→ RECORDS PROVIDED
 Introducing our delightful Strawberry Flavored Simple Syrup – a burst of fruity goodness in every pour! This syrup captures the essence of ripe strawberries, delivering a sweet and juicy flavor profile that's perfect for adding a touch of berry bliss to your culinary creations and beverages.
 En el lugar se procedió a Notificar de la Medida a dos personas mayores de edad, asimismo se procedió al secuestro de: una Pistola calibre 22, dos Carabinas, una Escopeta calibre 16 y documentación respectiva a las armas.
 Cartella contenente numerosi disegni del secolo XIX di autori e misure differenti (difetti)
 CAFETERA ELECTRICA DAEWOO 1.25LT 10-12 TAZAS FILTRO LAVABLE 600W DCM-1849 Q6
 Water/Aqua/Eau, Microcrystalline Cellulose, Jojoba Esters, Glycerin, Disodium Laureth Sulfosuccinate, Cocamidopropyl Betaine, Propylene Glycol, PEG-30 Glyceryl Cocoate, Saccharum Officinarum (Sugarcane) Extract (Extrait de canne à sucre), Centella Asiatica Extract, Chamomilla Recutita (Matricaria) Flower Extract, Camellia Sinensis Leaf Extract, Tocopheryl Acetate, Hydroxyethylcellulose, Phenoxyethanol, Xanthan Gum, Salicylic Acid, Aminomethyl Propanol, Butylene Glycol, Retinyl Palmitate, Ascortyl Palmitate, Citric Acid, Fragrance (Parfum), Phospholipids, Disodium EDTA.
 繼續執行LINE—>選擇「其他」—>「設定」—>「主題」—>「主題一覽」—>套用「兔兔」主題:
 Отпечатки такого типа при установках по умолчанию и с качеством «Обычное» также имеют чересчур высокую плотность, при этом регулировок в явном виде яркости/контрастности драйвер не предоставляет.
==
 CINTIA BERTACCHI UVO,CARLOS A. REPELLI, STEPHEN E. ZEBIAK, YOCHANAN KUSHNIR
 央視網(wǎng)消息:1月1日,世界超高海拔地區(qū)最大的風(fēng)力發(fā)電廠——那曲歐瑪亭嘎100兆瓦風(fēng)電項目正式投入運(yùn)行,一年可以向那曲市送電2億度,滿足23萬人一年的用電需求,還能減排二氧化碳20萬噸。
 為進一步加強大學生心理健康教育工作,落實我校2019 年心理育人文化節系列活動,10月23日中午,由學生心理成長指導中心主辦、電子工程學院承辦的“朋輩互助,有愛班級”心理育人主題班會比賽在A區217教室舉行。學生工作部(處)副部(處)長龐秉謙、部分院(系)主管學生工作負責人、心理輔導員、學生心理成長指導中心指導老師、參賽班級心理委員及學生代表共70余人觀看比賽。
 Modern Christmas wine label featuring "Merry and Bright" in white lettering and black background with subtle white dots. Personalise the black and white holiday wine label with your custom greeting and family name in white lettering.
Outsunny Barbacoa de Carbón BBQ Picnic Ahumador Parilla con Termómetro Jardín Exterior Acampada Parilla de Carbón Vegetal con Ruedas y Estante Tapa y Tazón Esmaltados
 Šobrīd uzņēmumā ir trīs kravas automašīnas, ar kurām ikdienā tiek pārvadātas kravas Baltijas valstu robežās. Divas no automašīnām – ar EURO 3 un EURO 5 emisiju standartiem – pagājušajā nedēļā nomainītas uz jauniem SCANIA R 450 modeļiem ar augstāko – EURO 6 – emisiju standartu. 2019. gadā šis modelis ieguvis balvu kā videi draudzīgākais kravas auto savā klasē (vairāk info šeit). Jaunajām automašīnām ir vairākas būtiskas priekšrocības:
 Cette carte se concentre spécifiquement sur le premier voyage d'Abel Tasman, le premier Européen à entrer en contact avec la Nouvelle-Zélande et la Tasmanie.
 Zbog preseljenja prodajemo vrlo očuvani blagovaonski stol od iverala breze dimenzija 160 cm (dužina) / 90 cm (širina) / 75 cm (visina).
* * *
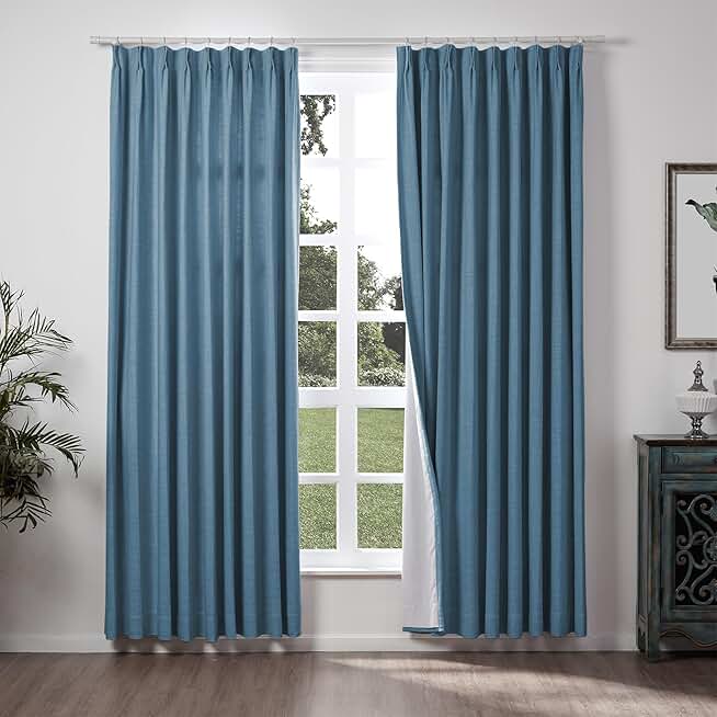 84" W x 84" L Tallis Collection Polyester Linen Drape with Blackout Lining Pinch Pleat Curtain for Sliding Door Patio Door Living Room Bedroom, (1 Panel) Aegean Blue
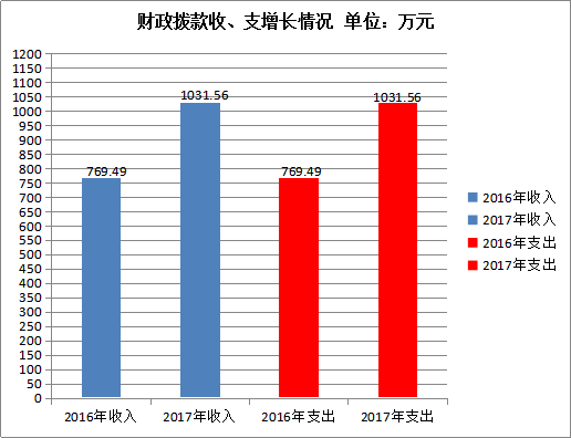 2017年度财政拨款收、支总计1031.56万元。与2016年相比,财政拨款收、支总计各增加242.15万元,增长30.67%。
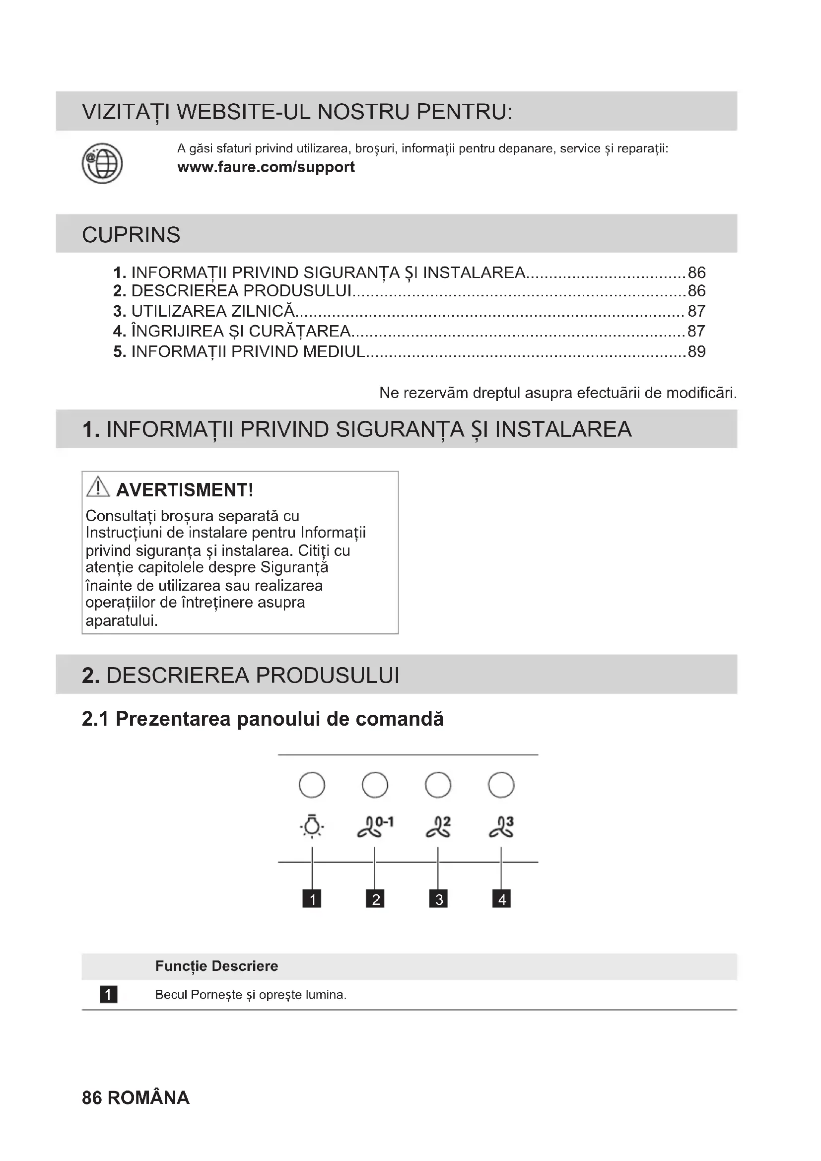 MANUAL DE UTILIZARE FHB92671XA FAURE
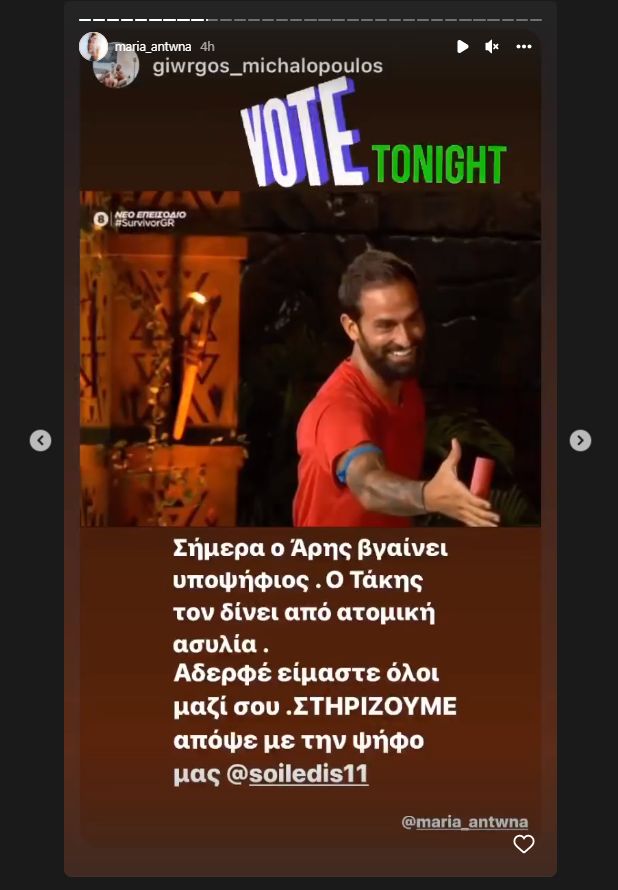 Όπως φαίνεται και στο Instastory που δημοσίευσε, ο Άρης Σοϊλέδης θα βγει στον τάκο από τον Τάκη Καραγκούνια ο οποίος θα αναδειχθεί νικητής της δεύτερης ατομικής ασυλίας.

→ EXERCISE BRIEF
A line counts if it holds the word "your". How many lines of the entries count? Give the number only.

→ WORKED SOLUTION
2